Validate.rows_distinct

Validate.rows_distinct(
    columns_subset=None,
    pre=None,
    thresholds=None,
    active=True,
)

Validate whether rows in the table are distinct.

The rows_distinct() method checks whether rows in the table are distinct. This validation will operate over the number of test units that is equal to the number of rows in the table (determined after any pre= mutation has been applied).

Parameters

columns_subset : str | list[str] | None = None

A single column or a list of columns to use as a subset for the distinct comparison. If None, then all columns in the table will be used for the comparison. If multiple columns are supplied, the distinct comparison will be made over the combination of values in those columns.

pre : Callable | None = None

A pre-processing function or lambda to apply to the data table for the validation step.

thresholds : int | float | bool | tuple | dict | Thresholds = None

Failure threshold levels so that the validation step can react accordingly when exceeding the set levels for different states (warn, stop, and notify). This can be created simply as an integer or float denoting the absolute number or fraction of failing test units for the ‘warn’ level. Otherwise, you can use a tuple of 1-3 values, a dictionary of 1-3 entries, or a Thresholds object.

active : bool = True

A boolean value indicating whether the validation step should be active. Using False will make the validation step inactive (still reporting its presence and keeping indexes for the steps unchanged).

Returns

: Validate

The Validate object with the added validation step.

Examples

For the examples here, we’ll use a simple Polars DataFrame with three string columns (col_1, col_2, and col_3). The table is shown below:

import pointblank as pb
import polars as pl

tbl = pl.DataFrame(
    {
        "col_1": ["a", "b", "c", "d"],
        "col_2": ["a", "a", "c", "d"],
        "col_3": ["a", "a", "d", "e"],
    }
)

pb.preview(tbl)
col_1
String
col_2
String
col_3
String
1 a a a
2 b a a
3 c c d
4 d d e

Let’s validate that the rows in the table are distinct with rows_distinct(). We’ll determine if this validation had any failing test units (there are four test units, one for each row). A failing test units means that a given row is not distinct from every other row.

validation = (
    pb.Validate(data=tbl)
    .rows_distinct()
    .interrogate()
)

validation
STEP COLUMNS VALUES TBL EVAL UNITS PASS FAIL W S N EXT
#4CA64C 1
rows_distinct
rows_distinct()
ALL COLUMNS 4 4
1.00
0
0.00

From this validation table we see that there are no failing test units. All rows in the table are distinct from one another.

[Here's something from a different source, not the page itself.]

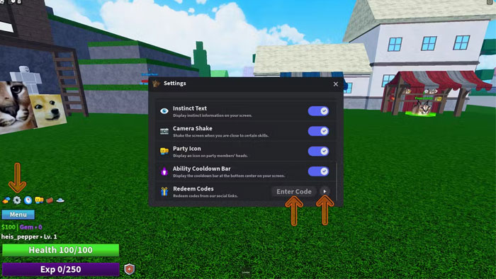 Thao tác nhập code Meme Sea rất đơn giản, tương tự các game Roblox khác, với các bước như sau:

We can also use a subset of columns to determine distinctness. Let’s specify the subset using columns col_2 and col_3 for the next validation.

validation = (
    pb.Validate(data=tbl)
    .rows_distinct(columns_subset=["col_2", "col_3"])
    .interrogate()
)

validation
STEP COLUMNS VALUES TBL EVAL UNITS PASS FAIL W S N EXT
#4CA64C66 1
rows_distinct
rows_distinct()
col_2, col_3 4 2
0.50
2
0.50

The validation table reports two failing test units. The first and second rows are duplicated when considering only the values in columns col_2 and col_3. There’s only one set of duplicates but there are two failing test units since each row is compared to all others.